With the expansion of Casual Conversations, we wanted to support a multilingual dataset, particularly as language understanding can support the development of inclusive natural language processing models.
In addition to an expanded list of categories, Casual Conversations v2 differs from the first version with the inclusion of participant monologues recorded outside the United States. The seven countries included in v2 are Brazil, India, Indonesia, Mexico, Vietnam, Philippines, and the United States. In the future, we hope to further expand the dataset to additional geographies. Another difference in the latest dataset is that participants were given the chance to speak in both their primary and secondary languages. The types of monologues include both scripted and nonscripted speech.

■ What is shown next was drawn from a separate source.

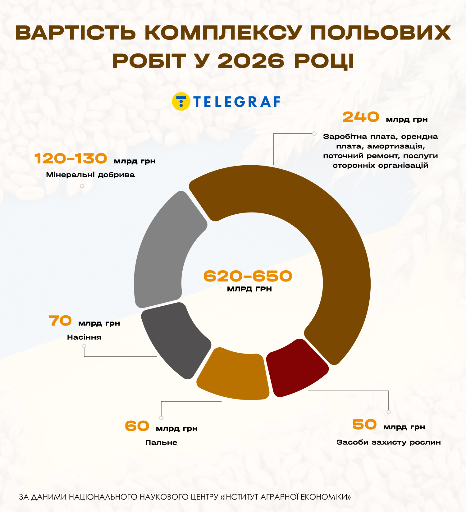 – В 2026 году сельхозпроизводителям придется потратить на комплекс полевых работ на 5-10% больше: вместо прошлогодних почти 600 млрд. гривен – до 620-650 млрд. гривен, – приводит расчеты ученых "Института аграрной экономики" Александр Захарчук.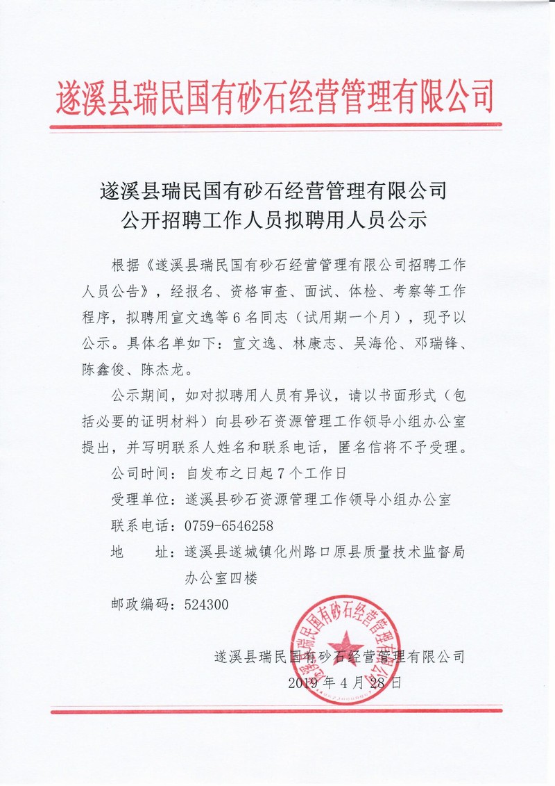 遂溪縣瑞民國有砂石經(jīng)營管理有限公司公開招聘工作人員擬聘用人員公示 | | 作者: | 來源:本網(wǎng) | 時間:2019-04-28 00:00:00 點擊數(shù):- 【打印正文】

While the introduction of recording participants from multiple geographies provided a new set of logistical challenges and opportunities, it also added further complexity in identifying categories relevant to even more diverse communities. With increasing concerns over the performance of AI systems across different skin tone scales, we decided to leverage two different scales for skin tone annotation. The first is the six-tone Fitzpatrick scale, the most commonly used numerical classification scheme for skin tone due to its simplicity and widespread use. The second is the 10-tone Skin Tone scale, which was introduced by Google and is used in its search and photo services. Including both scales in Casual Conversations v2 provides a clearer comparison with previous works that use the Fitzpatrick scale while also enabling measurement based on the more inclusive Monk scale.
“To increase nondiscrimination, fairness, and safety in AI, it’s important to have inclusive data and diversity within the data categories so researchers can better assess how well a specific model or AI-powered product is working for different demographic groups,” said Roy Austin, Vice President and Deputy General Counsel for Civil Rights at Meta. “This dataset has an important role in ensuring the technology we build has equity in mind for all from the outset."

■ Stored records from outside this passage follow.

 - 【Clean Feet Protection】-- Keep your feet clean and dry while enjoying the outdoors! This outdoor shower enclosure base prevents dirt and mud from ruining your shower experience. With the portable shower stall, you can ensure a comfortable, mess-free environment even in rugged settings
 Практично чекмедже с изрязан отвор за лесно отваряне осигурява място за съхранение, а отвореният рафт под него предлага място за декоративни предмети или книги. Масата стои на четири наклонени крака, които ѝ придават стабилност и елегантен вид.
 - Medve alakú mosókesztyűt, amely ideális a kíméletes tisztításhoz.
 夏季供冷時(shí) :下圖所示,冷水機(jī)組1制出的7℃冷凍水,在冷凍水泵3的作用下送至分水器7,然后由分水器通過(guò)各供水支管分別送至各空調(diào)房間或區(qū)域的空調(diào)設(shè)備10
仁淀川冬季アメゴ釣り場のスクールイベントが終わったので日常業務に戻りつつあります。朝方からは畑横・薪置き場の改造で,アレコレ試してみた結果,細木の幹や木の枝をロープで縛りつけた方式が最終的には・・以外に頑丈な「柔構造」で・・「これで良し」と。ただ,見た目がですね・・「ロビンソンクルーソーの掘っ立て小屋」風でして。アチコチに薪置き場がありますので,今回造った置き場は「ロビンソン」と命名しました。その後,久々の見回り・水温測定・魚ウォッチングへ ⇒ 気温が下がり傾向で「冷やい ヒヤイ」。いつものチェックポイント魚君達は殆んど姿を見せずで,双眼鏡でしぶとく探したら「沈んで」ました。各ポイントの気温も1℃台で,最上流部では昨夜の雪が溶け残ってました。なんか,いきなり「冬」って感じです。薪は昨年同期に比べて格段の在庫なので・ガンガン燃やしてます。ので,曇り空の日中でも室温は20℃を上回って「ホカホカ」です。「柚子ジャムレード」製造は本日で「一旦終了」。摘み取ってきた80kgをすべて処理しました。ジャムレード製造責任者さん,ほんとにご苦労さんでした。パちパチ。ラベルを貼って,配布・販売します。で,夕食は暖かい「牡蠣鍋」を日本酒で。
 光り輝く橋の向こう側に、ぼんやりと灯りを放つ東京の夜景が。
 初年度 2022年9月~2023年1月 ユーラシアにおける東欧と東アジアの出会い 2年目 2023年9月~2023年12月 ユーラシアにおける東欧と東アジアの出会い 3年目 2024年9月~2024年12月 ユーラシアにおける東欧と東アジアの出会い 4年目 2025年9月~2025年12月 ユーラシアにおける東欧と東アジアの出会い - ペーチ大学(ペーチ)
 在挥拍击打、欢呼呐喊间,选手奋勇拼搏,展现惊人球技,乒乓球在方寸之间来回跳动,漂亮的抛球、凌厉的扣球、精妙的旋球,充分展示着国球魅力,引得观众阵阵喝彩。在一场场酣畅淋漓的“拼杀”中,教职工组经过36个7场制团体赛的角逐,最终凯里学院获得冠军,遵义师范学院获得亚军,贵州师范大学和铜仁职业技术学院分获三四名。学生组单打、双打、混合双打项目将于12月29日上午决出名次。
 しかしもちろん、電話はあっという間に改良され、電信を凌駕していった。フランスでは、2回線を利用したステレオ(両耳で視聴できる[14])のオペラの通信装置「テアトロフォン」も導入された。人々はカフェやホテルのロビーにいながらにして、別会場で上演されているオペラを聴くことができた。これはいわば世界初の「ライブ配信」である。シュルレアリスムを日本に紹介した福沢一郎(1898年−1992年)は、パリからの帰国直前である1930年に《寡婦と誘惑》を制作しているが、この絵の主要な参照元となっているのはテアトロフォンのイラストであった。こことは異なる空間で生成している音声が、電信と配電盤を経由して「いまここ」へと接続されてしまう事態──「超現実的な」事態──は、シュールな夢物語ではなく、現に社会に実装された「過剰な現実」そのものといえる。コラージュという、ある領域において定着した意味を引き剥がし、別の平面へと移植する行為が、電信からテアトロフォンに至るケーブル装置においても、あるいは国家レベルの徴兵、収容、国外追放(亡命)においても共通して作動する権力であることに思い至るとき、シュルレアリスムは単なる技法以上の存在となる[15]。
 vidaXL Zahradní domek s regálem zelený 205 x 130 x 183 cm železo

Previously, researchers measuring algorithmic fairness and robustness typically identified gaps in models only for categories available in public datasets. For example, the categories of age, gender, and apparent skin tone typically support computer vision tasks, while language/dialect and voice timbre are used in audio/speech research.

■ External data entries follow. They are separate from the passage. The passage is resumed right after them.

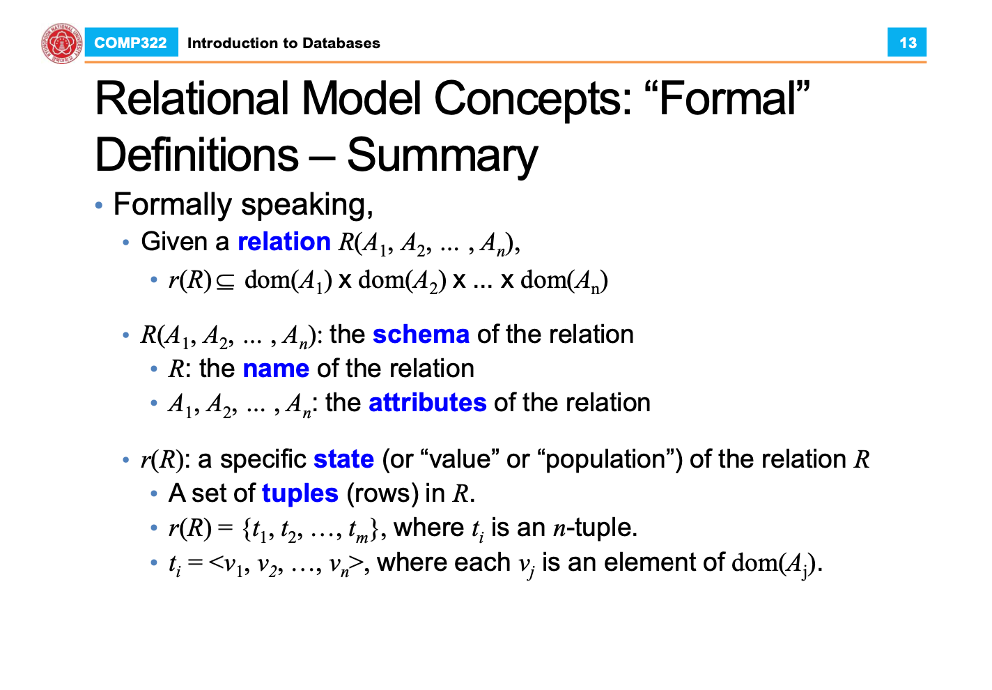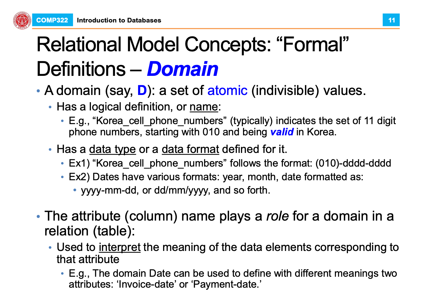 그리고 각각의 attribute 는 Valid 한 값들의 집합의 Domain 을 가지고있다.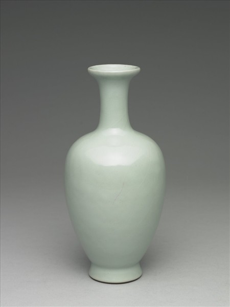 撇口,長頸,圓肩,圓腹,圈足外撇。全器施青釉,呈冬青色,釉面上有粗疏開片裂紋。足緣呈深褐色。底施青釉藍書「大清乾隆年製」三行篆書款。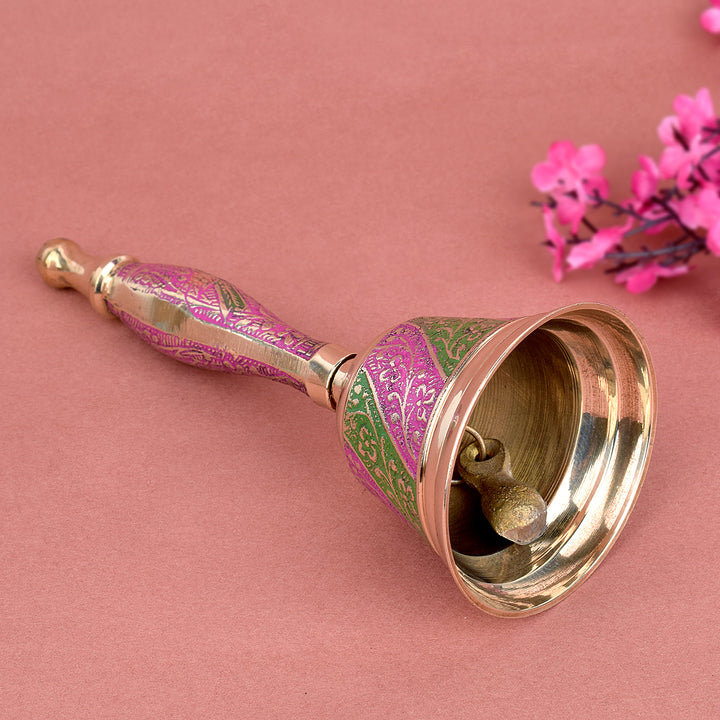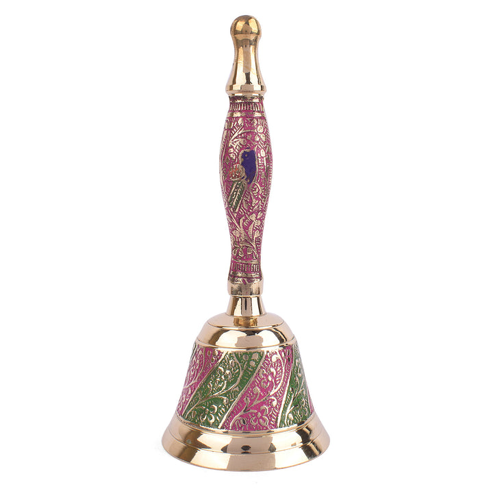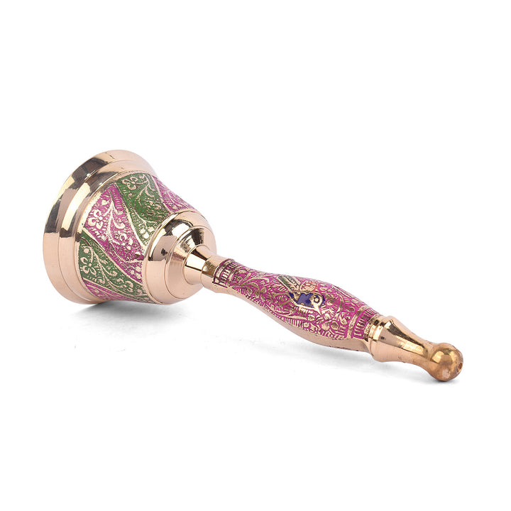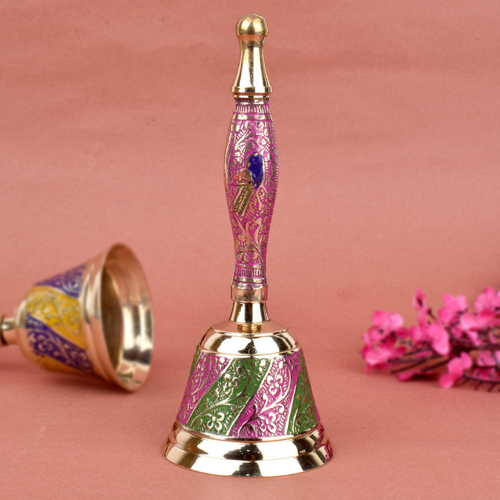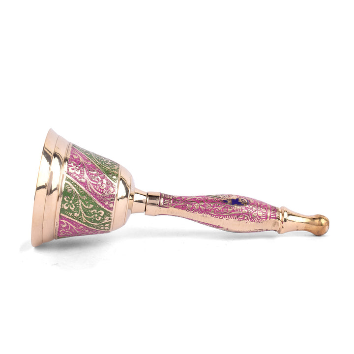 Buy Online Handcrafted Brass Puja Bell (Pink & Green) | Satvikworld.com

Because we have expanded data collection with multiple categories and countries, we hope researchers can leverage this dataset and the expanded categories, such as apparent skin tone, disability, accent, dialect, location, and recording setup.
Because researchers train and evaluate AI systems with data, identifying fairness concerns and increasing robustness remains an urgent priority as AI increasingly affects individuals and communities. The goal for Casual Conversations has been to support more inclusive AI and technology by providing a standardized resource to identify ways in which models can perform more robustly.
Researchers and practitioners in dozens of countries have utilized the first version of Casual Conversations. At Meta, we proactively leverage this dataset along with other available datasets for model assessment in computer vision, language, and speech models. Given the positive reception from the AI community for the first version, we believe v2 addresses the large gap in data for which we are still in the early stages of recognizing.
While there is no single solution to address AI fairness and robustness, nor are there universally accepted metrics to detect fairness concerns, we are committed to collaborating with experts in the field to tackle these issues and hope to spark further research in these areas.
We would also like to thank Prof. Pascale Fung and Dr. Ellis Monk for their contributions.